Informacoes sobre ordens
| Nome do Produto | Numero de Catalogo | UNID | Preco | Qde | FAVORITOS | |
Ring1b Plasmídeo duplo de Nickase (h) | sc-404633-NIC | 20 µg | $410.00 | |||
Ring1b Plasmídeo duplo de Nickase (h2) | sc-404633-NIC-2 | 20 µg | $410.00 |
RNF2 codifica a Ring1b, uma ligase E3 de ubiquitina do tipo RING finger que forma o núcleo catalítico do complexo repressivo Polycomb 1 (PRC1). A Ring1b monoubiquitina a histona H2A na Lys119, reforçando a compactação da cromatina mediada por Polycomb e a repressão transcricional durante o desenvolvimento e a especificação de linhagens celulares. Em coordenação com a metilação de H3K27 dependente de PRC2 e outros reguladores epigenéticos, a RNF2 ajuda a controlar programas do ciclo celular, estados de diferenciação e respostas a danos no DNA. A atividade desregulada de RNF2 e a sinalização de PRC1 estão implicadas em redes transcricionais alteradas observadas em diversos tipos de câncer e em outras doenças associadas à desregulação epigenética.
Ring1b O Plasmídeo de Nickase Dupla (h) consiste num par de plasmídeos combinados, concebidos para a edição de alta especificidade do locus RNF2 em linhas celulares human.

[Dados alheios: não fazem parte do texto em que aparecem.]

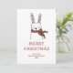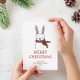Merry Christmas. Cute funny winter rabbit animal Holiday Card

Cada plasmídeo expressa uma nickase Cas9 D10A e um sgRNA distinto que tem como alvo cadeias de ADN opostas dentro de RNF2. Quando direcionadas para locais adjacentes em cadeias de ADN opostas, as duas nickases geram cortes deslocados numa única cadeia que, em conjunto, produzem uma quebra escalonada de cadeia dupla, exigindo uma atividade coordenada no alvo por parte de ambas as guias. A quebra de ADN resultante é resolvida por vias de reparação celular endógenas, mais frequentemente através da junção de extremidades não homólogas (NHEJ), levando a inserções ou deleções que perturbam a função RNF2. Ao exigir o envolvimento de dois sgRNA no locus alvo, a abordagem de dupla nickase aumenta a especificidade da edição e fornece uma estratégia CRISPR complementar para aplicações em que se deseja um controlo adicional sobre a precisão do direcionamento.
Para apoiar a identificação eficiente das células editadas, um plasmídeo codifica GFP para visualização fluorescente das populações transfectadas, enquanto o plasmídeo complementar transporta um gene de resistência à puromicina para seleção antibiótica. Em conjunto, estas características apoiam o enriquecimento eficiente das populações co-transfectadas e simplificam a validação dos clones com RNF2 interrompido.
Apenas para uso em investigação. Não se destina a uso diagnóstico ou terapêutico.